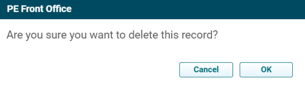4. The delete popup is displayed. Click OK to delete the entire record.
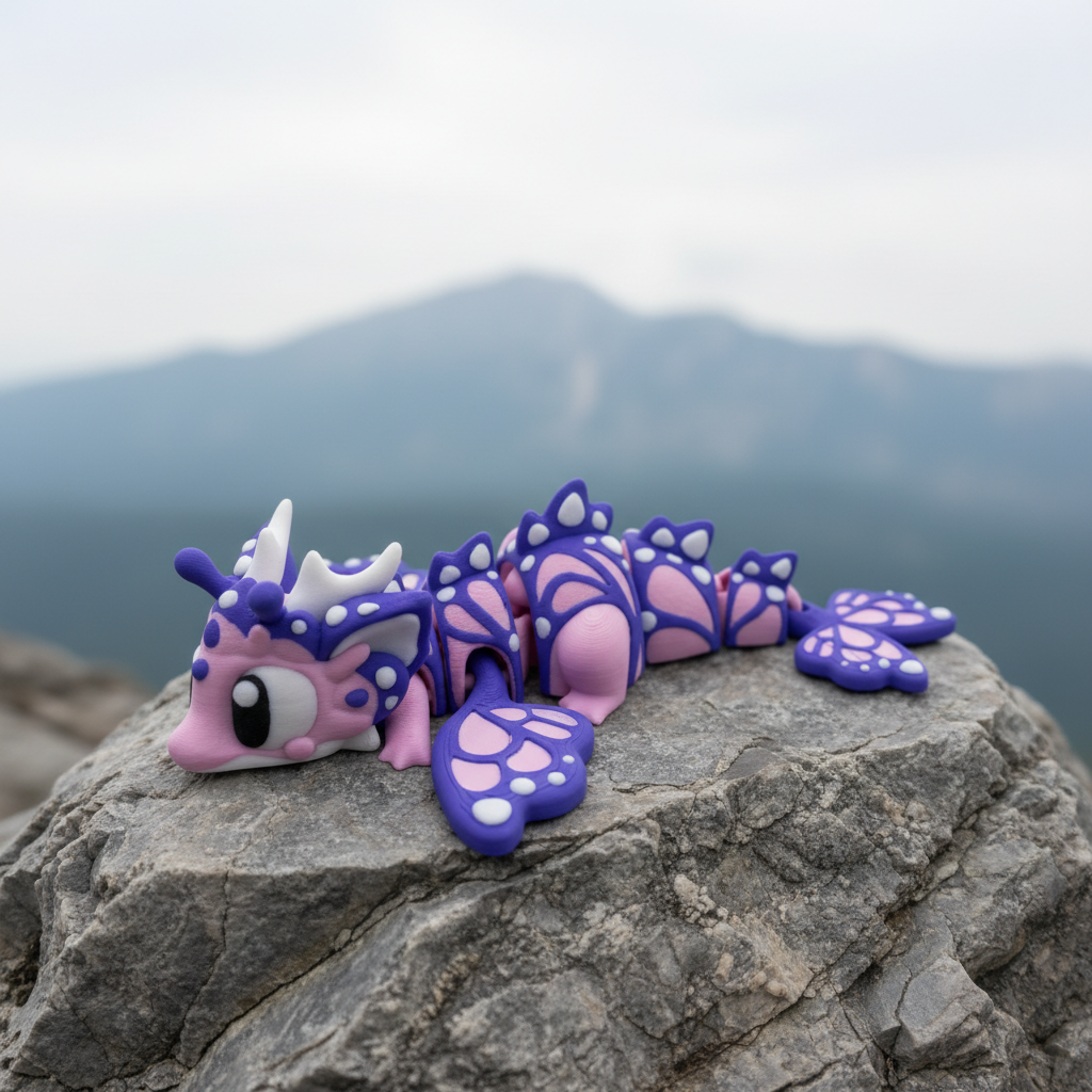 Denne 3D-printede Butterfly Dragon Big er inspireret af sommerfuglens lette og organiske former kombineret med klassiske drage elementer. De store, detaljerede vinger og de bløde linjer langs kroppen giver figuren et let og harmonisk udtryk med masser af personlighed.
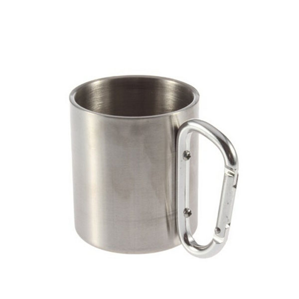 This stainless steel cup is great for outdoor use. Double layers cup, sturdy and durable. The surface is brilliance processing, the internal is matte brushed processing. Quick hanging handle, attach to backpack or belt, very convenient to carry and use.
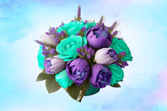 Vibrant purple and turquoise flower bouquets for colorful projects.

+++

#### Work instructions:
Your answer should be the lines above from the one that contains "Denne 3D-printede Butterfly" through the last, set down exactly, with the pictures removed.

#### Solution for this exercise:
 Denne 3D-printede Butterfly Dragon Big er inspireret af sommerfuglens lette og organiske former kombineret med klassiske drage elementer. De store, detaljerede vinger og de bløde linjer langs kroppen giver figuren et let og harmonisk udtryk med masser af personlighed.
 This stainless steel cup is great for outdoor use. Double layers cup, sturdy and durable. The surface is brilliance processing, the internal is matte brushed processing. Quick hanging handle, attach to backpack or belt, very convenient to carry and use.
 Vibrant purple and turquoise flower bouquets for colorful projects.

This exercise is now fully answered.